▶ _Description of the task_
The pictures in the listing below are to be skipped, while the lines between the line holding "Select Manage site features…" and the line holding "To understand the", inclusive, are to be output exactly.

▶ _Material shown_
⟨
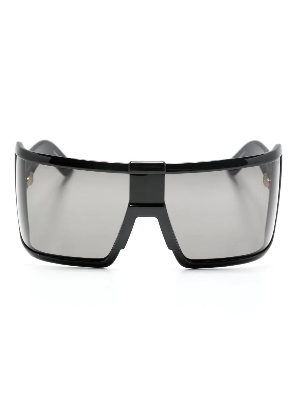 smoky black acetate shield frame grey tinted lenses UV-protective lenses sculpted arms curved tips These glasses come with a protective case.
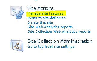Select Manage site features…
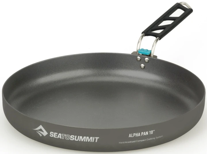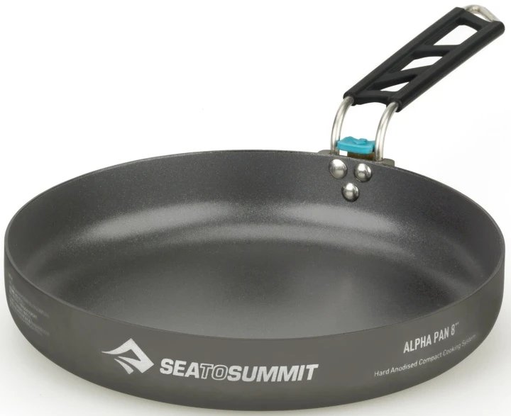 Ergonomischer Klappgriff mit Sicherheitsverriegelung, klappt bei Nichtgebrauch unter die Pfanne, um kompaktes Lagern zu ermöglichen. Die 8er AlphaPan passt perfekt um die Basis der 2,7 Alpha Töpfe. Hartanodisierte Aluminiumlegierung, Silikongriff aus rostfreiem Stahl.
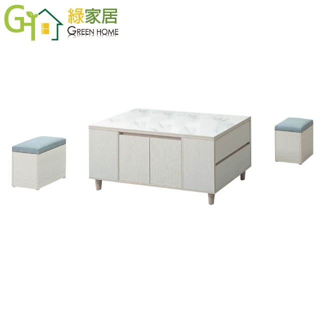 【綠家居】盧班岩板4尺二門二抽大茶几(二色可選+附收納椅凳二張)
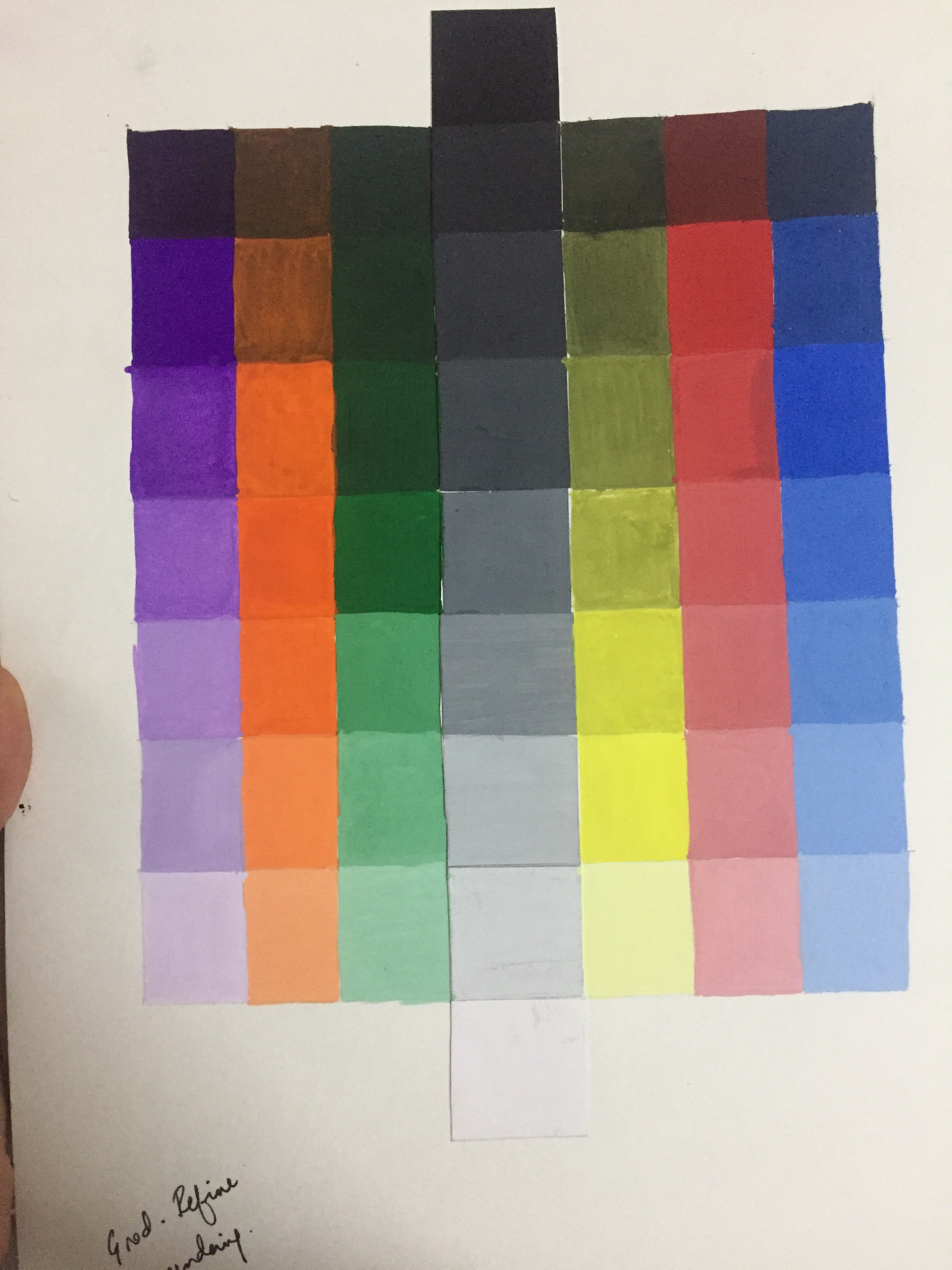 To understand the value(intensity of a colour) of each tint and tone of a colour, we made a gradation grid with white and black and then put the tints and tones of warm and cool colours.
⟩
⟨
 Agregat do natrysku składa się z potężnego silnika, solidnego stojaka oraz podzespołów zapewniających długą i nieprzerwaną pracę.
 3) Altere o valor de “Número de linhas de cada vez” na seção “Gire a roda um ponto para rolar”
⟩
⟨
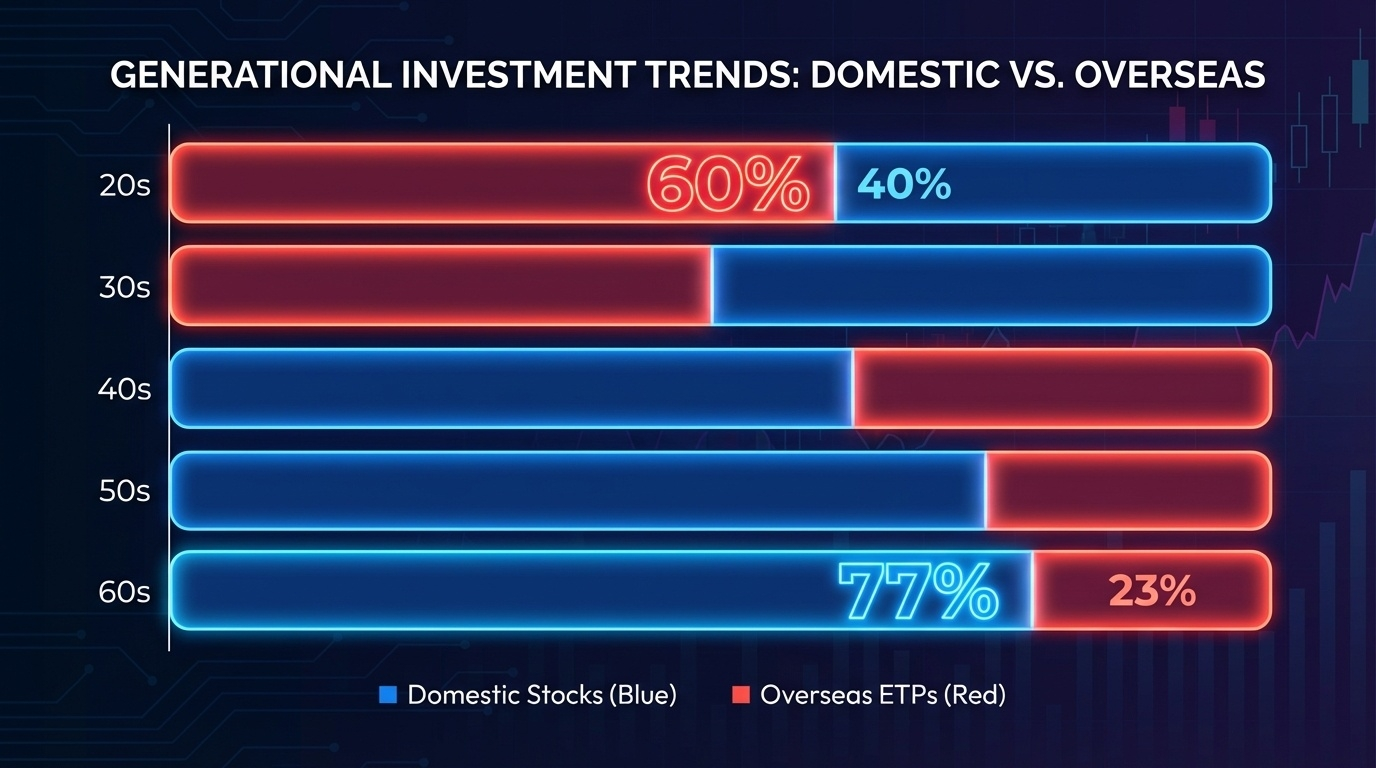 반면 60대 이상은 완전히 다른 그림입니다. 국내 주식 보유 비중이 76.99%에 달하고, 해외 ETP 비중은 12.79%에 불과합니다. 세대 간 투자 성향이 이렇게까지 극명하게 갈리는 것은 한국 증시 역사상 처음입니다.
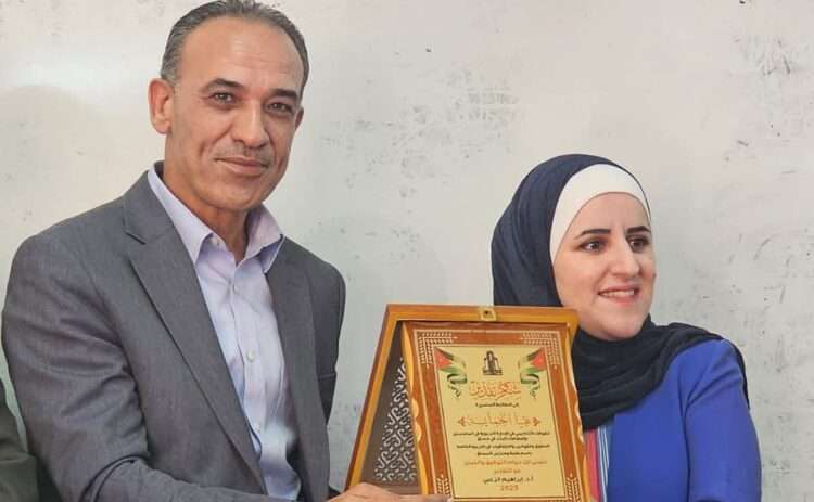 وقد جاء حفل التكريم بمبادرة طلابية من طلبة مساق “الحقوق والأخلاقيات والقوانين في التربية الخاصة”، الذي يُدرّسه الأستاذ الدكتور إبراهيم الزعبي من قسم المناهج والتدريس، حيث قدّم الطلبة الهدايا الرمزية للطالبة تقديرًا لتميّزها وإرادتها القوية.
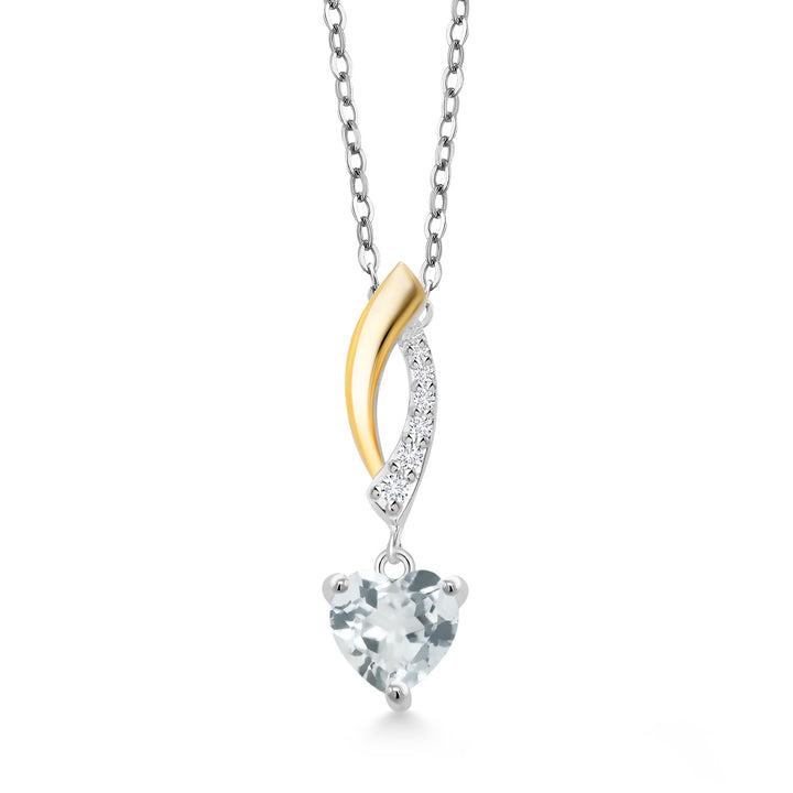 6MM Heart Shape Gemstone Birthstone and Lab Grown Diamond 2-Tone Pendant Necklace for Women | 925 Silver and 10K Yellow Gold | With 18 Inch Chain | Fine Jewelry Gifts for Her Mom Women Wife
⟩
▶ _Solved problem_
Select Manage site features…
 Ergonomischer Klappgriff mit Sicherheitsverriegelung, klappt bei Nichtgebrauch unter die Pfanne, um kompaktes Lagern zu ermöglichen. Die 8er AlphaPan passt perfekt um die Basis der 2,7 Alpha Töpfe. Hartanodisierte Aluminiumlegierung, Silikongriff aus rostfreiem Stahl.
 【綠家居】盧班岩板4尺二門二抽大茶几(二色可選+附收納椅凳二張)
 To understand the value(intensity of a colour) of each tint and tone of a colour, we made a gradation grid with white and black and then put the tints and tones of warm and cool colours.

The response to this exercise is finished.